Chat & completion

Two runtime tools cover interactive and one-shot generation.

Interactive chat

basert chat <model> [options]

Drops you into a REPL. /clear resets the conversation; quit exits. Each response prints prefill/decode throughput.

FlagDefaultPurpose
--temp <F>0.7Sampling temperature.
--top-k <N>40Top-K candidates.
--top-p <F>0.9Nucleus sampling threshold.
--min-p <F>0.0Min-P filter.
--repeat-penalty <F>1.1Repetition penalty.
--max-tokens <N>256Max tokens per response.
--max-context <N>4096Context window size.
--think / --no-thinkonShow / hide <think> blocks (Qwen3 thinking mode).
--kv-bits 4|8|16autoKV cache element width.
--paged-kvoffPaged KV cache + block-table dispatch.
--max-batch-size <N>1Max concurrent sequences for batched decode.
basert chat Qwen/Qwen3-4B --temp 0.8 --top-p 0.95 --max-context 8192 --no-think

One-shot completion

basert complete <model> --prompt <text> [options]
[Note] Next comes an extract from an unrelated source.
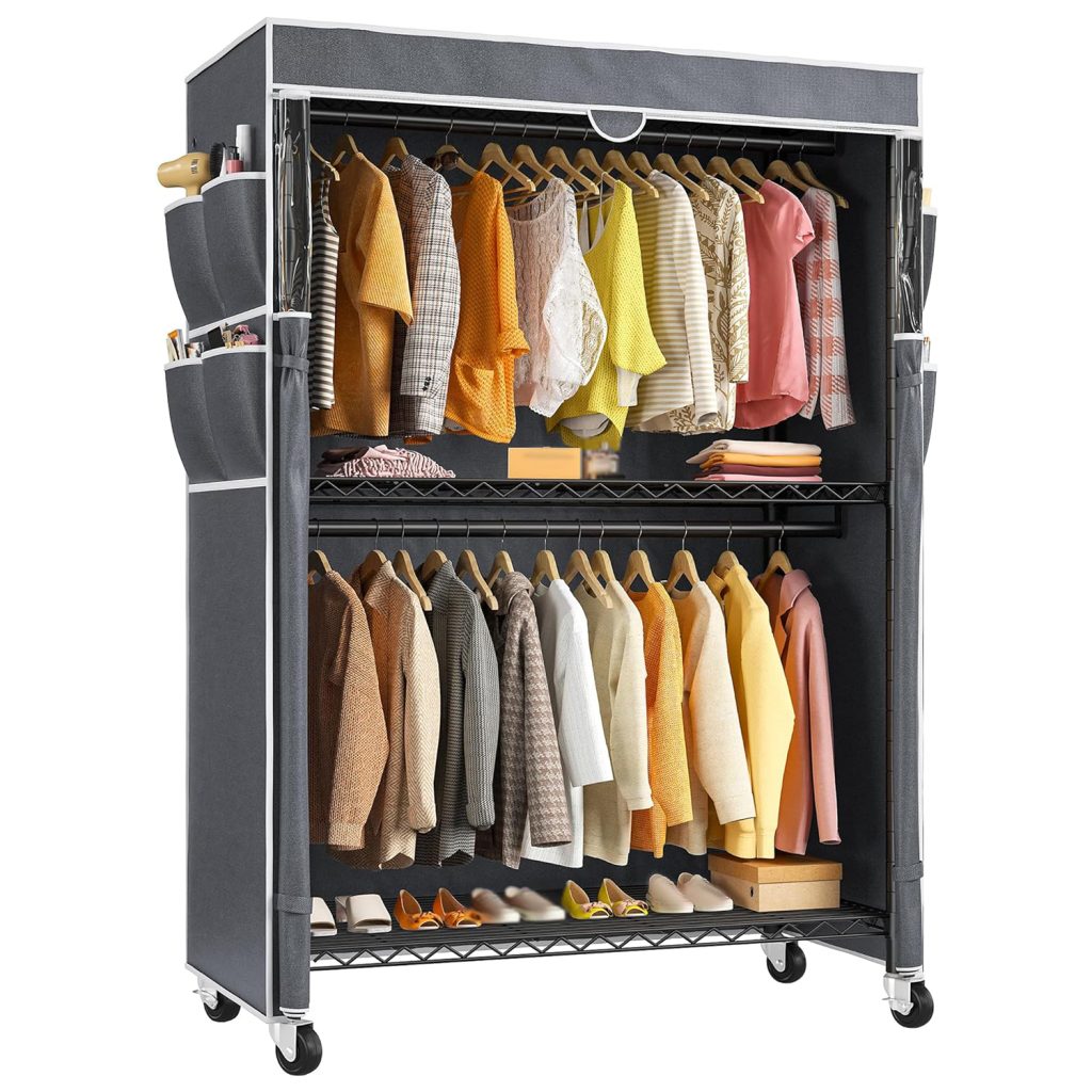 Clothing Rack with Cover, P1C Rolling Closet Rack with Wheels, Metal Garment Rack for Hanging Clothes, Clothing Storage Wardrobe with Cover, 36.2″W x 16.5″D x 80.5″H, Black, Load 450 Pounds

Runs a single prompt and prints the result — ideal for scripts and pipelines.

FlagDefaultPurpose
--prompt <text>Prompt text (required).
--system <text>System prompt (only with --chat).
--chatoffWrap --prompt with the model's chat template.
--image <path>Attach an image (multimodal models).
--audio <path>Attach audio (multimodal models).
--max-tokens <N>256Max tokens to generate.
--temp <F>0.0Temperature (0 = greedy).
--top-k <N>40Top-K.
--top-p <F>0.9Top-P.
--repeat-penalty <F>1.0Repetition penalty.
--kv-bits 4|8|16autoKV cache element width.
--paged-kvoffPaged KV cache.
# plain completion
basert complete Qwen/Qwen3-4B --prompt "List three Metal GPU tips." --max-tokens 128

# chat-templated, with a system prompt
basert complete Qwen/Qwen3-4B --chat \
  --system "You are concise." --prompt "Why is RoPE useful?"

# multimodal
basert complete <vlm-model> --image ./photo.png --prompt "Describe this image."

KV-cache width

--kv-bits trades memory for precision: 16 (f16) is highest quality, 8 and 4 shrink the cache so you can fit longer contexts or more concurrent sequences. The default is chosen per model. Pair with --paged-kv for block-table-based allocation.